# What you have to do
Leave the pictures out. Return all other data exactly.

# Provided material
▽

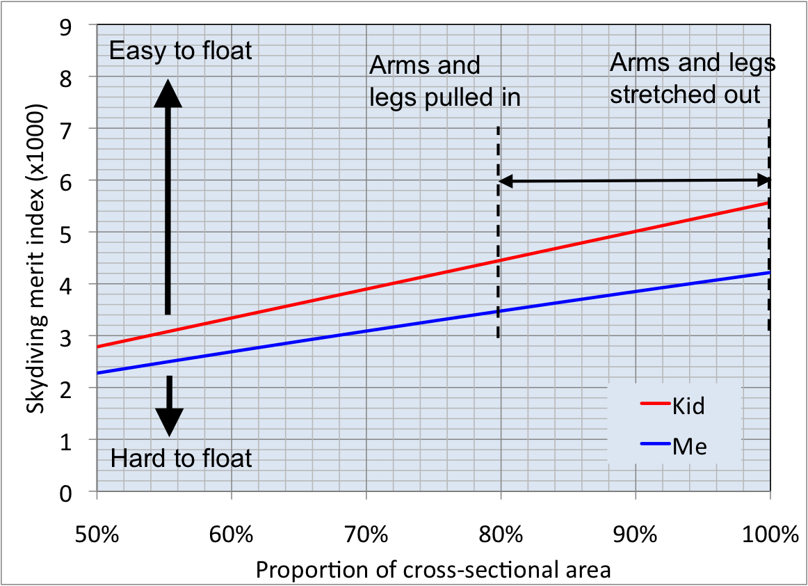 The subtleties of flight are controlled by stretching your arms out and pulling them in: a bigger cross-sectional area makes you go up while a smaller one makes you drop. The graph below shows that the merit index drops when you pull your arms in so you float less easily. What is interesting about the difference between the kid and me, is that my merit index has both a lower value and also a lower gradient – this means that I am less susceptible to minute changes in my body posture and surface area. For the kid, however, not only is he likely shoot up into the wind tunnel if the wind speed is too high, but he is also less stable.
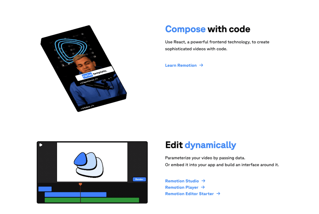 Remotion is an open‑source React framework that lets you build videos like web apps: components, props, hooks, timelines. Instead of keyframing in a timeline UI, you write functions, think useCurrentFrame() for timing, spring() for easing, and props for dynamic content. You can render locally or on Remotion Cloud when you need scale.
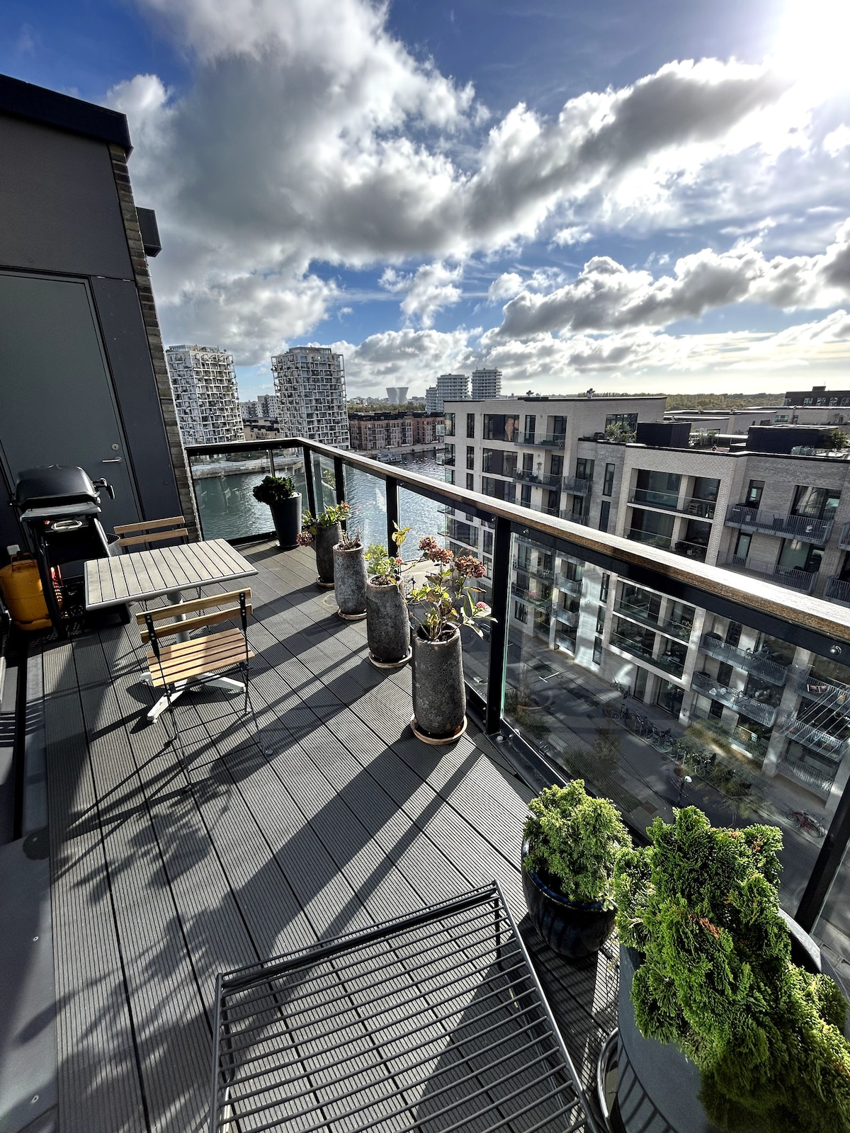 Spacious sunny modern flat on the 10th floor of the beautifully renovated Wennberg Silo, a former storage silo converted in 2004 into a residential property by the award-winning architect Tage Lyneborg. Free parking at the building. Shared 230 sqm roof terrace. Boat-bus to Nyhavn and city center at the doorstep. One big livingroom with a kitchen corner, terrace facing S-W and canal. Bedroom with a queen-size bed. Extra-comfort 140x200 seeping-sofa in the living room. You can swim in the canal!

△

# Expected output
 The subtleties of flight are controlled by stretching your arms out and pulling them in: a bigger cross-sectional area makes you go up while a smaller one makes you drop. The graph below shows that the merit index drops when you pull your arms in so you float less easily. What is interesting about the difference between the kid and me, is that my merit index has both a lower value and also a lower gradient – this means that I am less susceptible to minute changes in my body posture and surface area. For the kid, however, not only is he likely shoot up into the wind tunnel if the wind speed is too high, but he is also less stable.
 Remotion is an open‑source React framework that lets you build videos like web apps: components, props, hooks, timelines. Instead of keyframing in a timeline UI, you write functions, think useCurrentFrame() for timing, spring() for easing, and props for dynamic content. You can render locally or on Remotion Cloud when you need scale.
 Spacious sunny modern flat on the 10th floor of the beautifully renovated Wennberg Silo, a former storage silo converted in 2004 into a residential property by the award-winning architect Tage Lyneborg. Free parking at the building. Shared 230 sqm roof terrace. Boat-bus to Nyhavn and city center at the doorstep. One big livingroom with a kitchen corner, terrace facing S-W and canal. Bedroom with a queen-size bed. Extra-comfort 140x200 seeping-sofa in the living room. You can swim in the canal!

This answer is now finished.